This circulates buffer solution from bag 7, into the inlet port 11
and out of outlet ports 14 and 24 of spinning membrane filter 6,
into bottom port 1 and out of top port 2 of IsoFlow.TM. bag 5, and
into filtrate bag 30.
[0040] To conduct recirculation washing of the blood cells for
platelet removal, clamps C1, C6, C8, C12, C14, C16 and C20 are
open, pumps P1, P2, P3, P4, and PS are moving. A suspension of
unwashed blood cells is withdrawn from cell source bag 44 through
tubing 43 to the bottom channel of clamp manifold 45, then out
through tubing 46 to the bottom left channel 18a of clamp manifold
18 where it is mixed with buffer solution. The buffer solution is
withdrawn from buffer bag 7 through tubing 15 to the top right
channel of clamp manifold 16, then out through tubing 17 to the
bottom left channel 18a of clamp manifold 18. The diluted
suspension of blood cells in buffer solution flows out of the
bottom left channel 18a through tubing 19 into the bottom right
channel of clamp manifold 18, then out through tubing 20 to the
bottom right channel 9b of clamp manifold 9, where it is mixed with
additional buffer solution from top port 2 of Isoflow.TM. bag 5.

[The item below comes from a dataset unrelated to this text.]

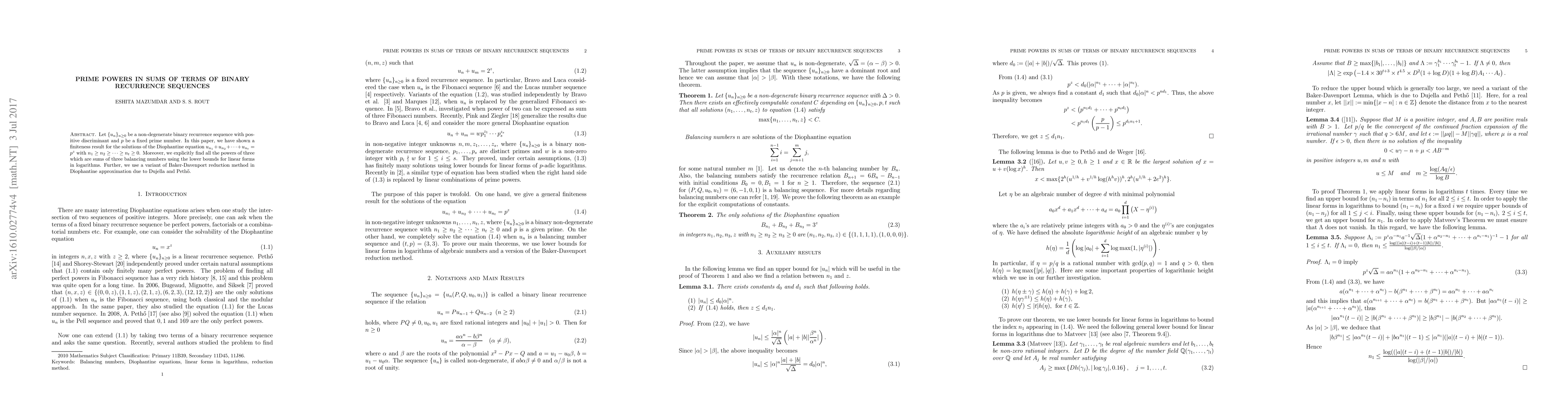 This paper establishes the finiteness of solutions to the Diophantine equation involving sums of terms from a binary recurrence sequence equal to a prime power under specific conditions. It also identifies all powers of three that can be represented as sums of three sequence terms, employing lower bounds for linear forms in logarithms and a Baker-Davenport reduction method.

The diluted suspension of blood cells in buffer solution flows from
channel 9b through tubing 10 to the inle port 11 of spinning
membrane filter 6. Platelets, a few red cells, and buffer flow
through the membrane and out through outlet port 24 through tubing
23 to the top right channel of clamp manifold 25, then out through
tubing 26 and 28 to filtrate bag 30 (clamp 31 open, clamp 40
closed). (The nominal 4 miron membrane used removes about 95% of
platelets from a leukapheresis product, while about 50% of red
cells are also removed.) A concentrated suspension of blood cells
in buffer flows from the exit port 14 of spinning membrane filter 6
through tubing 13 to the bottom left channel of clamp manifold 9,
then out through tubing 12 through the bottom port 1 into
Isoflow.TM. bag 5. As the process continues, a suspension of blood
cells in buffer solution flows out of the top of the Isoflow.TM.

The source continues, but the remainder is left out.